═════ Material to process ═════

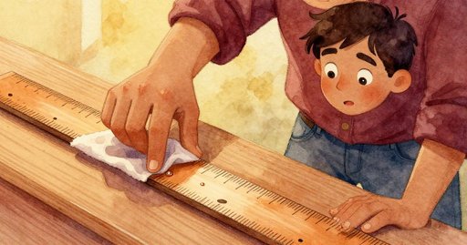 他的手肘擦過帆布包,包角頂到一大罐清洗水。水罐前傾,細水先在桌面噴射,又越過邊緣傾倒。一條排水溝早在數月前就刻在桌面,但水流直接跳過那條槽。斜屋頂下瀰漫著淡淡樹脂味,與從窗戶溜進來的涼爽午後空氣交織。水順著桌腳滑落,加速後濺進地板上的散木屑。濕木屑結成黏稠漿,隨著更多水到來而緩慢外推。這股微小動盪滾動一片單板,像滑板般向門口漂去。門檻外,遠方廣場傳來低沉敲擊聲,動著的碎片卻無人理會。
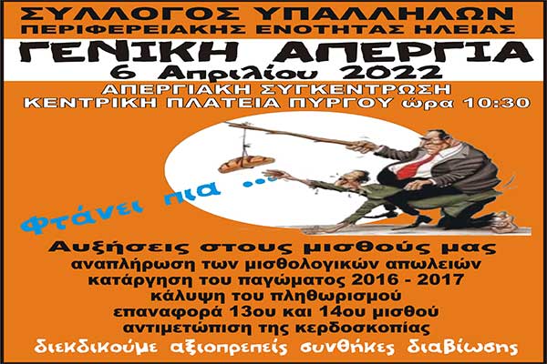 Ο Σύλλογος Υπαλλήλων ΠΕ Ηλείας συμμετέχει στην απεργία της 6ης Απριλίου
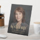 Ce panneau d'accueil personnalisé de 50e anniversaire présente la photo, le nom et l'anniversaire de l'invité d'honneur, ainsi que le mot "bienvenue" dans un élégant script de calligraphie couleur or. Un écran sombre permet de faire apparaître le texte. Une excellente façon de célébrer quelqu'un qui a cinquante ans !
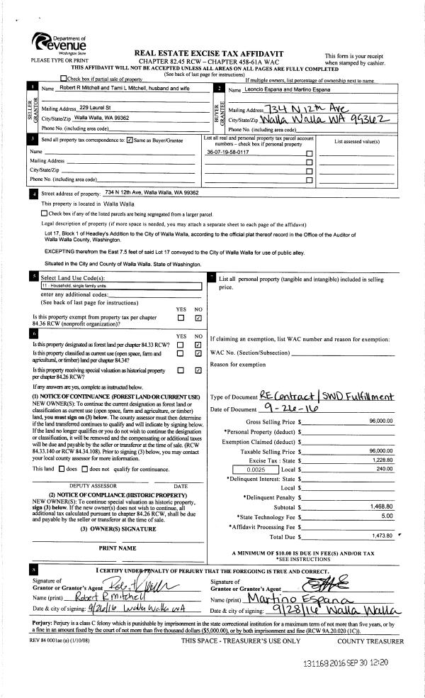 | 1 | 09/30/2016 | REAL ESTAT | REAL ESTATE CONTRACT | MITCHELL ROBERT R & TAMI L | ESPANA LEONCIO | | | $96,000.00 | 131168 | 2016-08080 |
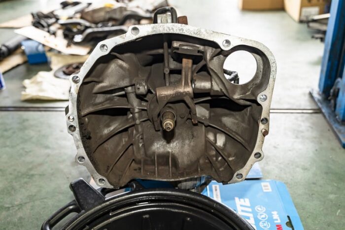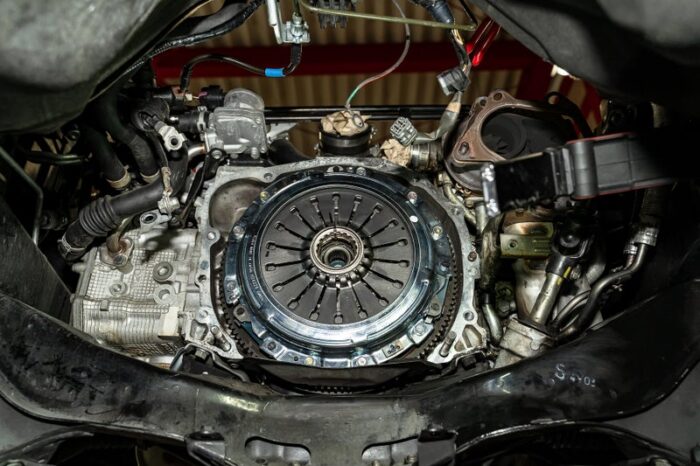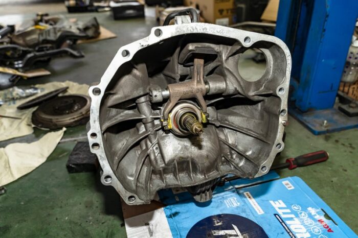 このクラッチはエンジンとミッションの間に取り付けられているため、交換するにはミッション本体を車両から取り外す必要があります。
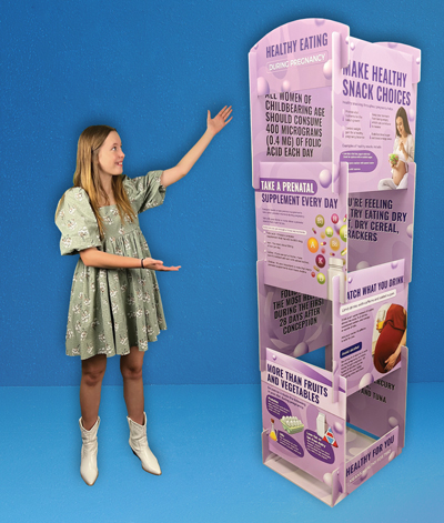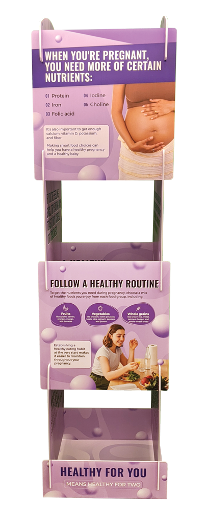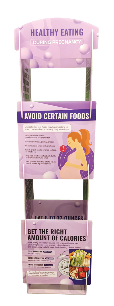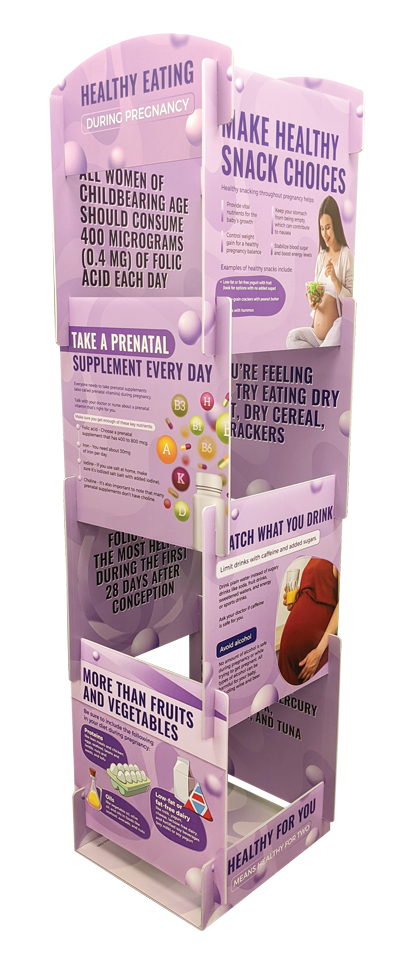 This Info Tower™ is specifically designed to make prenatal nutrition education a breeze, ensuring that your community stays informed and energized. What’s more, add your logo or organization information, because your nutritional expertise deserves the spotlight! So, don’t miss out – grab your tower now, and take prenatal care to new heights!
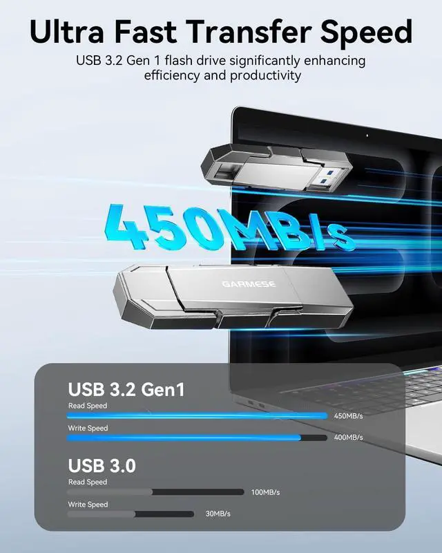 High-Speed SSD Performance: Powered by USB 3.2 Gen 1 technology, this GARMESE USB SSD flash drive delivers read speeds up to 450MB/s and write speeds up to 400MB/s. Effortlessly handle large files such as 4K videos, high-resolution photos, game data, and work documentssaving time and improving productivity. Actual speed may vary depending on device and usage conditions. ^^ 2-in-1
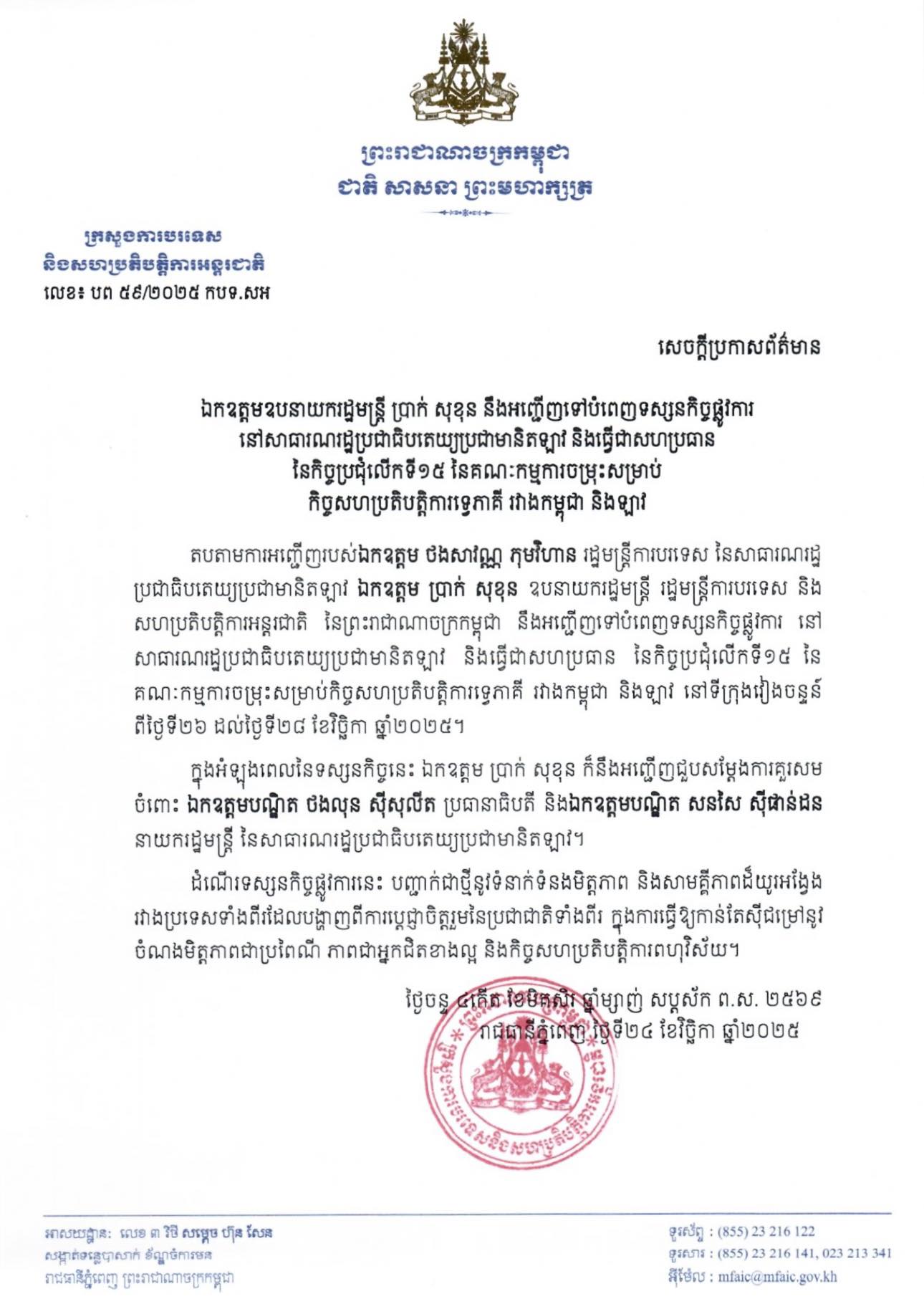 នៅថ្ងៃទី២៤ ខែវិច្ឆិកា ឆ្នាំ២០២៥ ក្រសួងការបរទេស និងសហប្រតិបត្តិការអន្តរជាតិ បានចេញសេចក្តីប្រកាសព័ត៌មាន ស្តីពី ដំណើរទស្សនកិច្ចផ្លូវការរបស់ឧបនាយករដ្ឋមន្ត្រី ប្រាក់ សុខុន នៅប្រទេសឡាវ និងធ្វើជាសហប្រធានកិច្ចប្រជុំលើកទី១៥ នៃគណៈកម្មការចម្រុះសម្រាប់កិច្ចសហប្រតិបត្តិការទ្វេភាគី កម្ពុជា-ឡាវ។ដំណើរទស្សនកិច្ចផ្លូវការនេះ បញ្ជាក់ជាថ្មីនូវទំនាក់ទំនងមិត្តភាព និងសាមគ្គីភាពដ៏យូរអង្វែង រវាងប្រទេសទាំងពីរដែលបង្ហាញពីការប្តេជ្ញាចិត្តរួមនៃប្រជាជាតិទាំងពីរ ក្នុងការធ្វើឱ្យកាន់តែស៊ីជម្រៅនូវចំណងមិត្តភាពជាប្រពៃណី ភាពជាអ្នកជិតខាងល្អ និងកិច្ចសហប្រតិបត្តិការពហុវិស័យ។ ...
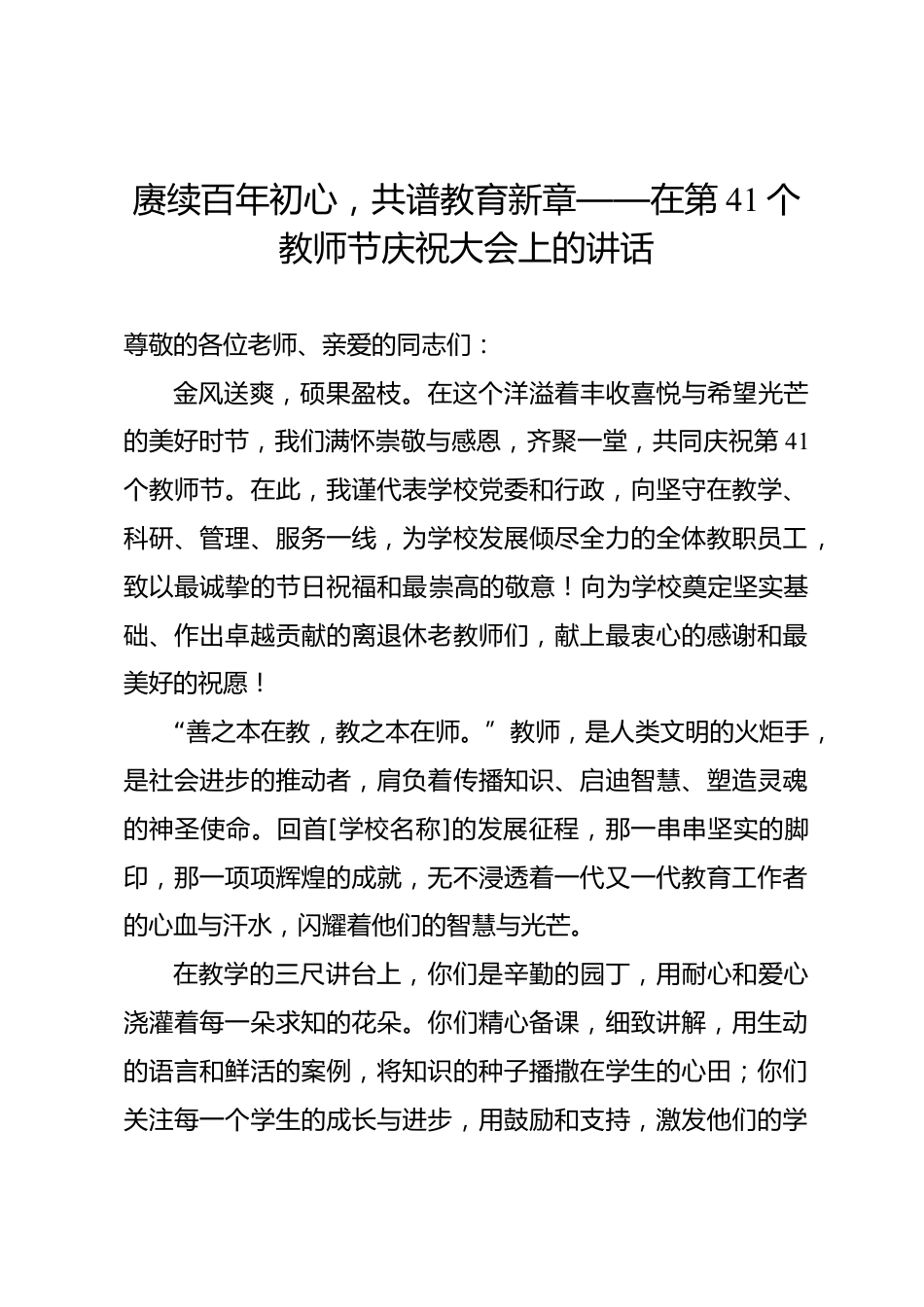 賡續(xù)百年初心,共譜教育新章——在第41個(gè)教師節(jié)慶祝大會(huì)上的講話
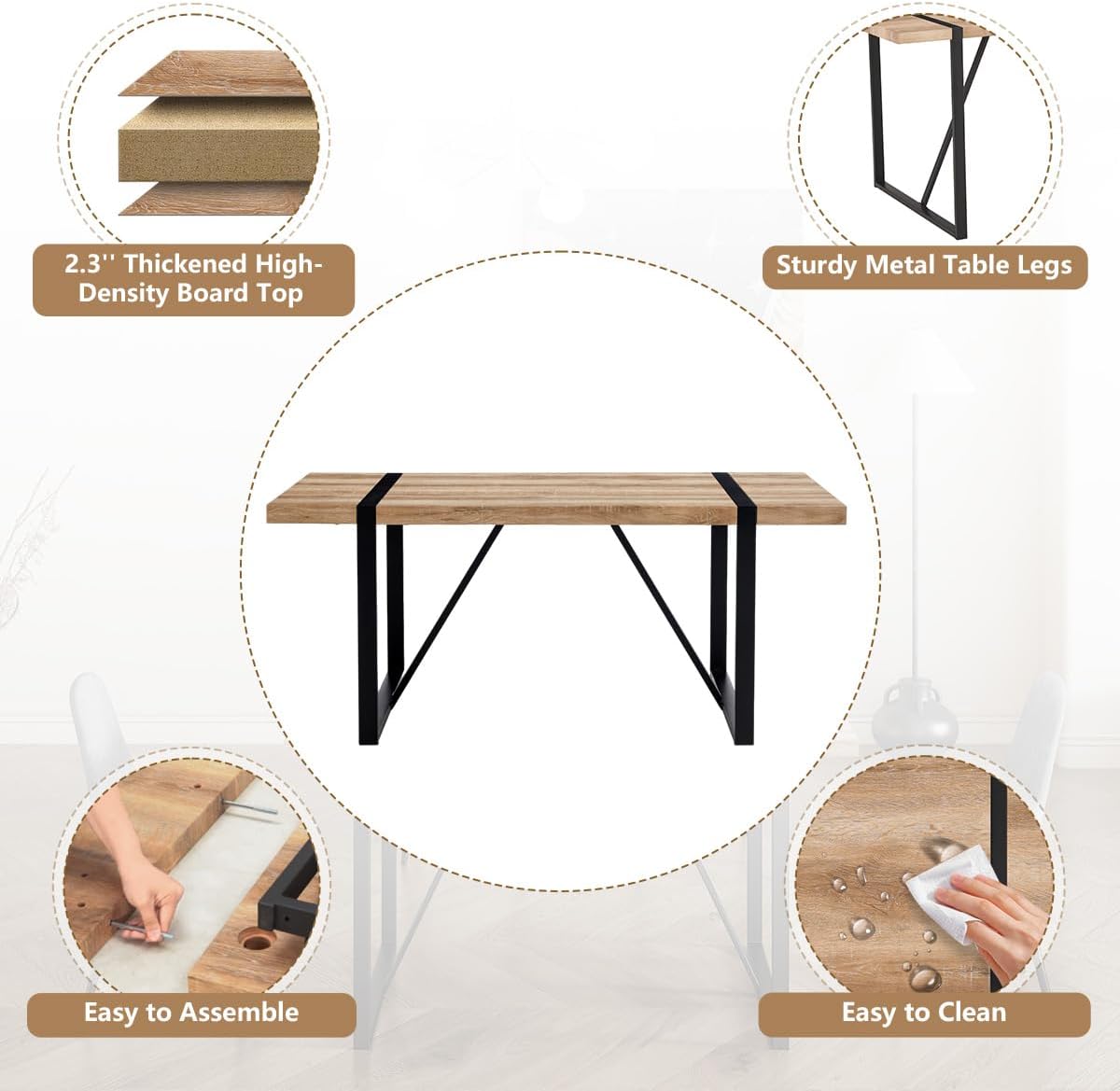[Easy Assembly and Cleaning] : The dining table chairs set detailed assembly instructions are included, making assembly a breezemost individuals can complete the setup within 20 minutes. Additionally, the table surface is protected with a sticker layer, guarding against stains and oil spills, enhancing durability, scratch resistance, and easy cleaning with a gentle wipe of a damp cloth.

═════

**Problem details**: All entries above must be printed again verbatim, with images excluded.

**Finished task**:
 他的手肘擦過帆布包,包角頂到一大罐清洗水。水罐前傾,細水先在桌面噴射,又越過邊緣傾倒。一條排水溝早在數月前就刻在桌面,但水流直接跳過那條槽。斜屋頂下瀰漫著淡淡樹脂味,與從窗戶溜進來的涼爽午後空氣交織。水順著桌腳滑落,加速後濺進地板上的散木屑。濕木屑結成黏稠漿,隨著更多水到來而緩慢外推。這股微小動盪滾動一片單板,像滑板般向門口漂去。門檻外,遠方廣場傳來低沉敲擊聲,動著的碎片卻無人理會。
 Ο Σύλλογος Υπαλλήλων ΠΕ Ηλείας συμμετέχει στην απεργία της 6ης Απριλίου
 Ce panneau d'accueil personnalisé de 50e anniversaire présente la photo, le nom et l'anniversaire de l'invité d'honneur, ainsi que le mot "bienvenue" dans un élégant script de calligraphie couleur or. Un écran sombre permet de faire apparaître le texte. Une excellente façon de célébrer quelqu'un qui a cinquante ans !
 | 1 | 09/30/2016 | REAL ESTAT | REAL ESTATE CONTRACT | MITCHELL ROBERT R & TAMI L | ESPANA LEONCIO | | | $96,000.00 | 131168 | 2016-08080 |
 このクラッチはエンジンとミッションの間に取り付けられているため、交換するにはミッション本体を車両から取り外す必要があります。
 This Info Tower™ is specifically designed to make prenatal nutrition education a breeze, ensuring that your community stays informed and energized. What’s more, add your logo or organization information, because your nutritional expertise deserves the spotlight! So, don’t miss out – grab your tower now, and take prenatal care to new heights!
 High-Speed SSD Performance: Powered by USB 3.2 Gen 1 technology, this GARMESE USB SSD flash drive delivers read speeds up to 450MB/s and write speeds up to 400MB/s. Effortlessly handle large files such as 4K videos, high-resolution photos, game data, and work documentssaving time and improving productivity. Actual speed may vary depending on device and usage conditions. ^^ 2-in-1
 នៅថ្ងៃទី២៤ ខែវិច្ឆិកា ឆ្នាំ២០២៥ ក្រសួងការបរទេស និងសហប្រតិបត្តិការអន្តរជាតិ បានចេញសេចក្តីប្រកាសព័ត៌មាន ស្តីពី ដំណើរទស្សនកិច្ចផ្លូវការរបស់ឧបនាយករដ្ឋមន្ត្រី ប្រាក់ សុខុន នៅប្រទេសឡាវ និងធ្វើជាសហប្រធានកិច្ចប្រជុំលើកទី១៥ នៃគណៈកម្មការចម្រុះសម្រាប់កិច្ចសហប្រតិបត្តិការទ្វេភាគី កម្ពុជា-ឡាវ។ដំណើរទស្សនកិច្ចផ្លូវការនេះ បញ្ជាក់ជាថ្មីនូវទំនាក់ទំនងមិត្តភាព និងសាមគ្គីភាពដ៏យូរអង្វែង រវាងប្រទេសទាំងពីរដែលបង្ហាញពីការប្តេជ្ញាចិត្តរួមនៃប្រជាជាតិទាំងពីរ ក្នុងការធ្វើឱ្យកាន់តែស៊ីជម្រៅនូវចំណងមិត្តភាពជាប្រពៃណី ភាពជាអ្នកជិតខាងល្អ និងកិច្ចសហប្រតិបត្តិការពហុវិស័យ។ ...
 賡續(xù)百年初心,共譜教育新章——在第41個(gè)教師節(jié)慶祝大會(huì)上的講話
[Easy Assembly and Cleaning] : The dining table chairs set detailed assembly instructions are included, making assembly a breezemost individuals can complete the setup within 20 minutes. Additionally, the table surface is protected with a sticker layer, guarding against stains and oil spills, enhancing durability, scratch resistance, and easy cleaning with a gentle wipe of a damp cloth.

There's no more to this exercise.